Two representations of multi-wavelength binary gratings are sampled gratings (SG) and superstructure gratings (SSG). The SG is constructed with alternating sections of grating and grating-free regions of the waveguide. The alternating sections produce diffraction spectra having multiple reflectance peaks contained within a (typically) symmetric envelope. The SG is intrinsically limited in the flexibility in the location and relative strength of reflectance peaks, and, because of the large fraction of grating-free space, is also spatially inefficient. The SG is therefore particularly unsuitable where a short grating is required or where waveguide losses are high.
With the super-structure grating (SSG), the grating period is chirped by finely varying the grating pitch, which corresponds to the length of one tooth-groove cycle. This can also be thought of as a sequence of finely tuned phase shifts; common phase profiles include linear and quadratic chirp. Such an implementation in principle allows arbitrary peak positions and relative heights, but only at the expense of extremely high resolution, corresponding to a very small fraction of the size of the grating teeth themselves.
Prior art regarding binary superimposed grating synthesis is presented in Ivan A. Avrutsky, Dave S. Ellis, Alex Tager, Hanan Anis, and Jimmy M. Xu, “Design of widely tunable semiconductor lasers and the concept of Binary Superimposed Gratings (BSG's),” IEEE C. Quantum Electron., vol. 34, pp. 729-740, 1998.
Other methods in the prior art address the synthesis of “multi-peak” gratings—i.e., gratings characterized by reflectance at several “peaks”, which can be controlled in their position and strength. In these methods, a grating engineer begins with a set of sinusoids, each sinusoid corresponding to a single reflectance peak and weighted according to that peak's desired relative strength. These peaks are added together (i.e. superimposed; hence the BSG is known as a superimposed grating) to produce an “analog profile”. This profile is then digitally quantized by a simple threshold method.
For example, if the analog profile value is positive (above a pre-selected reference) then the corresponding BSG segment is a high or binary 1 index value; if it is negative, the corresponding BSG segment is a low or binary zero index value.

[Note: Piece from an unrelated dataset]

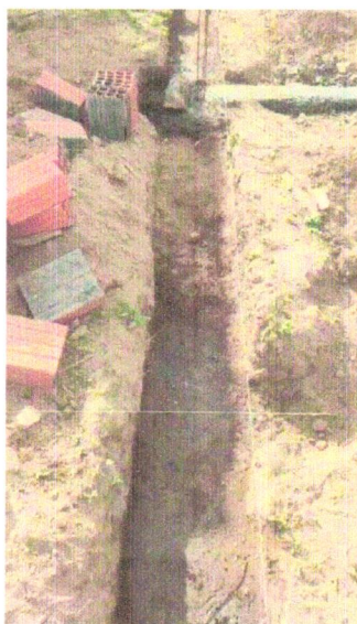
FOTO 09 – ESCAVAÇÃO MANUAL DE VALA PARA VIGA BALDRAME (INCLUINDO ESCAVAÇÃO PARA COLOCAÇÃO DE FÔRMAS). AF_06/2017

However, this approach is inadequate in at least two areas: firstly, the threshold quantization process introduces intermodulation, which largely limits the applicability of BSGs synthesized in this manner to active applications (laser feedback elements and the like). Secondly, this synthesis procedure is limited to multi-peak gratings, and offers little or no control over the individual peak shape. For example, it is entirely incapable of generating flattop channels, as desired by some communication applications, or of generating the near-arbitrary reflectance spectra demanded by some gain-compensation and dispersion-compensation methods.
Other methods for BSG synthesis include trial-and-error methods that are most often computationally difficult and inefficient.
Therefore, it is desirable to provide a method and apparatus for overcoming the disadvantages noted above in designing and synthesizing supergratings for detecting optical wavelengths.